▶ [ABOUT THIS TASK]: Leave the pictures out and restate every line below exactly.

(Stored items from a collection)
====

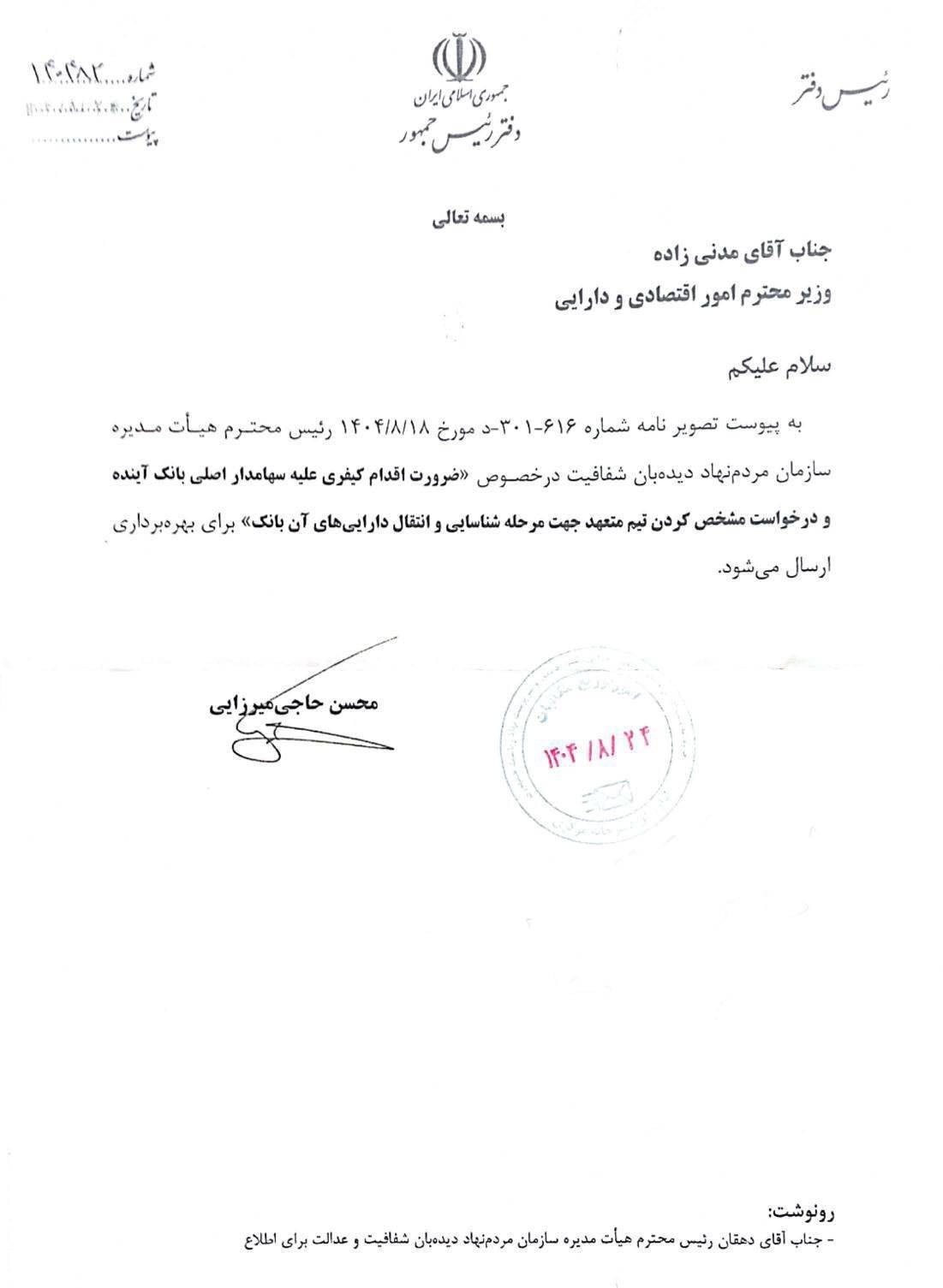 به گزارش خبرگزاری تسنیم، دفتر رئیس‌جمهور با ارسال نامه‌ای به وزیر امور اقتصادی و دارایی، دستور «اقدام کیفری علیه سهامدار اصلی بانک آینده» و «تشکیل تیم متعهد برای شناسایی و انتقال دارایی‌های این بانک» به وزیر اقتصاد ابلاغ کرد.
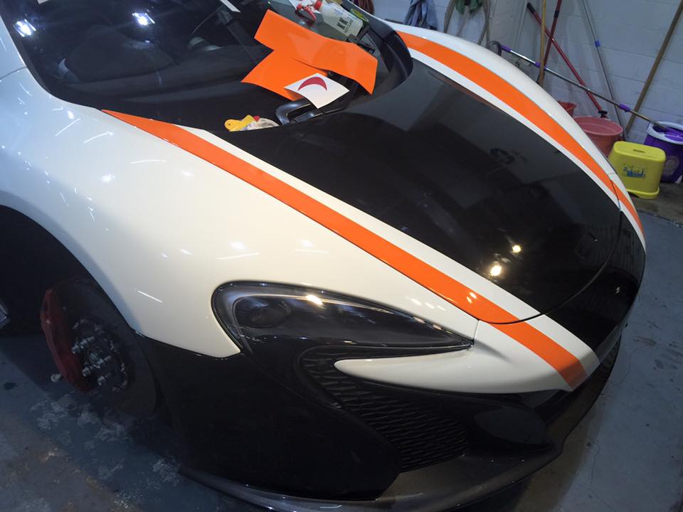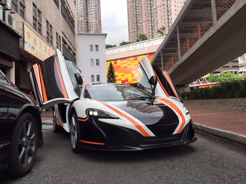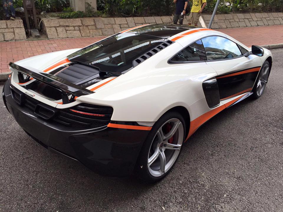 And here it is, this one inspired by the livery of Garage 59’s McLaren 650 GT3 competing in the Blancpain GT Series. Residing now at McLaren Hong Kong’s showroom, this specially-wrapped McLaren 650S features gloss black film covering parts of the bumpers, aero parts, bonnet, roof, and the rear wing as well the doors and mirror caps. A series of bright orange stripe complement the black stuff and give the car a pretty close look to the actual racing car pictures below.
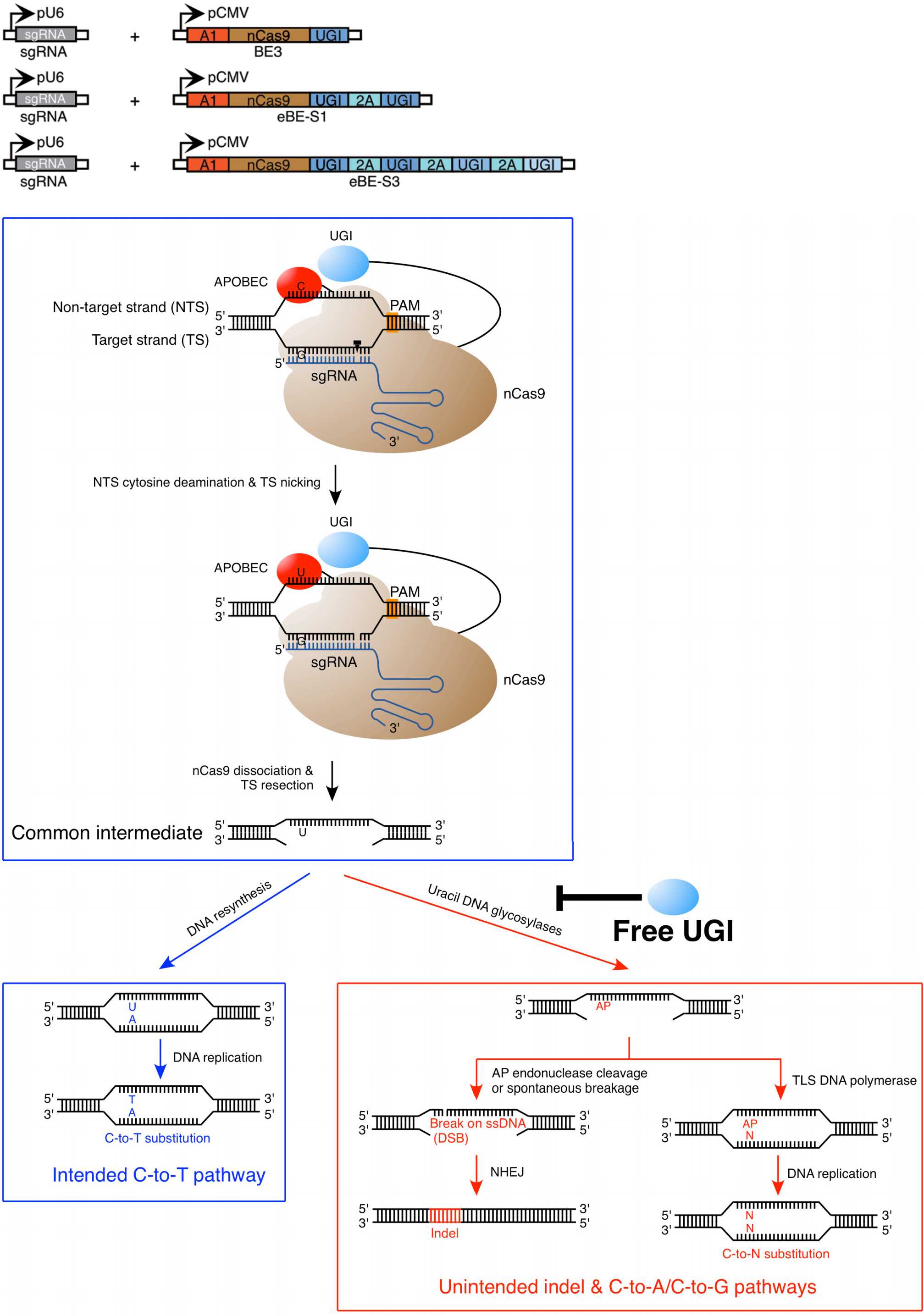 近年內兴起的CRISPR/Cas9基因编辑技术利用可设计的Cas9核酸酶通过碱基插入、缺失或替换等方式,对生物体基因组DNA特定片段进行改造,进而实现对靶基因的编辑。传统的CRISPR/Cas9基因编辑技术虽然具有较高的基因敲除效率,但其在执行碱基替换(对譬如基因突变进行矫正)的效率通常很低,这也限制了CRISPR/Cas9基因编辑工具从科研向应用的全面转化。近期发展出的碱基编辑(base editing)系统,由CRISPR/Cas9和APOBEC胞嘧啶脱氨酶两个独立的体系整合而成,可在基因组靶向位点实现由胞嘧啶(cytosine, C)向胸腺嘧啶(thymine, T)的编辑改造(Komor et al., Nature?2016)。其中,BE3虽然实现了较高的C至T编辑效率,但是也伴随着较高水平的非目的性碱基插入或缺失(insertion/deletion, indel)和C至A或G的编辑副产物,这些都显著地降低了碱基编辑器在基础研究和临床上的深入应用。在这项最新的研究中,科研人员在前期对BE3导致非目的性突变机制探索的基础上,利用共表达UGI的方法,成功开发出了增强型基因组碱基编辑器-eBE。利用多种UGI与BE3共表达的策略,eBE实现了更高精度和更高效率的碱基编辑,为碱基编辑技术在基础研究及未来临床领域的深入应用提供了新方法和新思路。
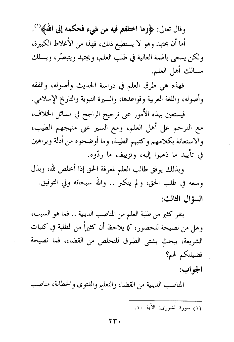 وقال تعالى: {وَمَا اخْتَلَفْتُمْ فِيهِ مِنْ شَيْءٍ فَحُكْمُهُ إِلَى اللَّهِ} (¬1) أما أن يجتهد وهو لا يستطيع ذلك، فهذا من الأغلاط الكبيرة، ولكن يسعى بالهمة العالية في طلب العلم، ويجتهد ويتبصر، ويسلك مسالك أهل العلم.
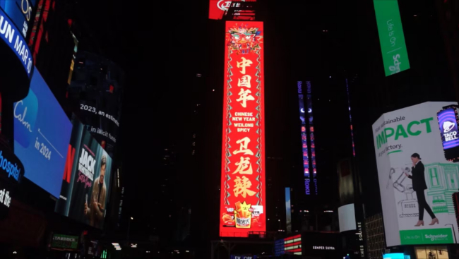 为响应“让世界人人爱上中国味”的企业愿景,卫龙美味新春广告惊喜亮相纽约时代广场,让海外侨胞们远在异国他乡也能轻轻松松感受到中国年味。
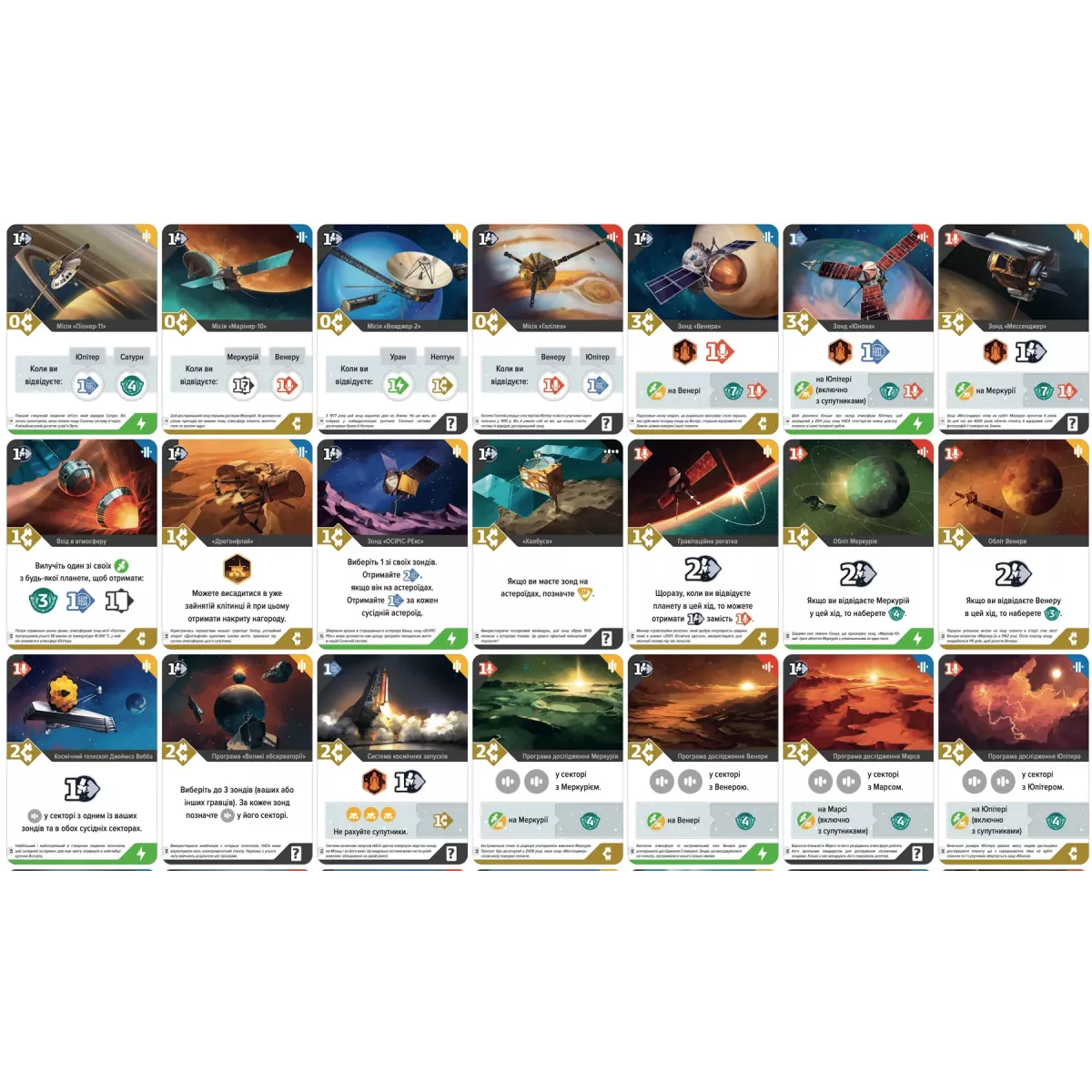 Запускайте зонди для вивчення планет і супутників, спрямовуйте телескопи на далекі зоряні системи та вдосконалюйте обладнання на Землі. Понад 200 карт, що зображують реальні технології та відкриття, допоможуть у ваших дослідженнях.

====

▶ [RESULT]:
 به گزارش خبرگزاری تسنیم، دفتر رئیس‌جمهور با ارسال نامه‌ای به وزیر امور اقتصادی و دارایی، دستور «اقدام کیفری علیه سهامدار اصلی بانک آینده» و «تشکیل تیم متعهد برای شناسایی و انتقال دارایی‌های این بانک» به وزیر اقتصاد ابلاغ کرد.
 And here it is, this one inspired by the livery of Garage 59’s McLaren 650 GT3 competing in the Blancpain GT Series. Residing now at McLaren Hong Kong’s showroom, this specially-wrapped McLaren 650S features gloss black film covering parts of the bumpers, aero parts, bonnet, roof, and the rear wing as well the doors and mirror caps. A series of bright orange stripe complement the black stuff and give the car a pretty close look to the actual racing car pictures below.
 近年內兴起的CRISPR/Cas9基因编辑技术利用可设计的Cas9核酸酶通过碱基插入、缺失或替换等方式,对生物体基因组DNA特定片段进行改造,进而实现对靶基因的编辑。传统的CRISPR/Cas9基因编辑技术虽然具有较高的基因敲除效率,但其在执行碱基替换(对譬如基因突变进行矫正)的效率通常很低,这也限制了CRISPR/Cas9基因编辑工具从科研向应用的全面转化。近期发展出的碱基编辑(base editing)系统,由CRISPR/Cas9和APOBEC胞嘧啶脱氨酶两个独立的体系整合而成,可在基因组靶向位点实现由胞嘧啶(cytosine, C)向胸腺嘧啶(thymine, T)的编辑改造(Komor et al., Nature?2016)。其中,BE3虽然实现了较高的C至T编辑效率,但是也伴随着较高水平的非目的性碱基插入或缺失(insertion/deletion, indel)和C至A或G的编辑副产物,这些都显著地降低了碱基编辑器在基础研究和临床上的深入应用。在这项最新的研究中,科研人员在前期对BE3导致非目的性突变机制探索的基础上,利用共表达UGI的方法,成功开发出了增强型基因组碱基编辑器-eBE。利用多种UGI与BE3共表达的策略,eBE实现了更高精度和更高效率的碱基编辑,为碱基编辑技术在基础研究及未来临床领域的深入应用提供了新方法和新思路。
 وقال تعالى: {وَمَا اخْتَلَفْتُمْ فِيهِ مِنْ شَيْءٍ فَحُكْمُهُ إِلَى اللَّهِ} (¬1) أما أن يجتهد وهو لا يستطيع ذلك، فهذا من الأغلاط الكبيرة، ولكن يسعى بالهمة العالية في طلب العلم، ويجتهد ويتبصر، ويسلك مسالك أهل العلم.
 为响应“让世界人人爱上中国味”的企业愿景,卫龙美味新春广告惊喜亮相纽约时代广场,让海外侨胞们远在异国他乡也能轻轻松松感受到中国年味。
 Запускайте зонди для вивчення планет і супутників, спрямовуйте телескопи на далекі зоряні системи та вдосконалюйте обладнання на Землі. Понад 200 карт, що зображують реальні технології та відкриття, допоможуть у ваших дослідженнях.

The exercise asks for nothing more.